Just when the world thought the Cold War wasn't going to get any colder, this happens. Only twelve days earlier, Hungary went through something of an upheaval with anti-Soviet riots springing up all over the country and a return to power of Imre Nagy (pronounced: Imray Nahj), the moderate who was ousted by pro-Soviet Premier Andras Hegedus in 1955.

So on the morning of November 4th, 1956 when you fell out of bed, it sounded like this:

Bob Pfeiffer (CBS News announcer): “ The latest word from Budapest is that Soviet armored forces seized Budapest in a surprise attack today and captured the government of Premier Imre Nagy.
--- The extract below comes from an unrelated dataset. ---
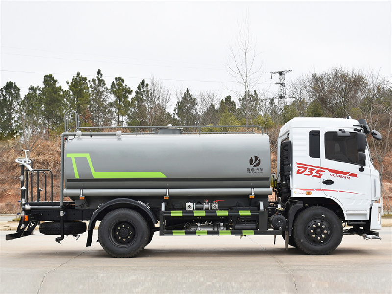 東風12噸灑水車產品標配前噴(鴨嘴)、后沖、后灑、側噴、后置式工作 平臺,平臺上配置綠化水炮(可 360°旋轉,既可以調成柱狀,也可 以調成霧狀,更可以調成直沖狀、大雨、中雨、小雨、毛毛雨),配 備優(yōu)質大功率專用灑水泵(可自吸自排,可從河里或池塘抽水到罐體), 取力器,雜物過濾網(wǎng),消防接口,自流球閥系統(tǒng)、取力器、球閥、濾網(wǎng) 均為國家標準產品,主管道加粗,法蘭墊、法蘭盤加厚,大通徑球閥。 整體具備性能優(yōu)良安全可靠、效率高、流量大、維修方便等特點。

According to communications from Vienna the last words at 8:24 am from the . . .one of the news bureaus in Vienna was – ‘we shall leave our post, we shall leave our post’, according to the Budapest operator ‘goodbye friends, goodbye friends. God save our souls, the Russians are too near’. And then the line from Budapest went dead. Repeating – the Soviet armored forces seized Budapest in a surprise attack today and captured the government of Premier Imre Nagy.”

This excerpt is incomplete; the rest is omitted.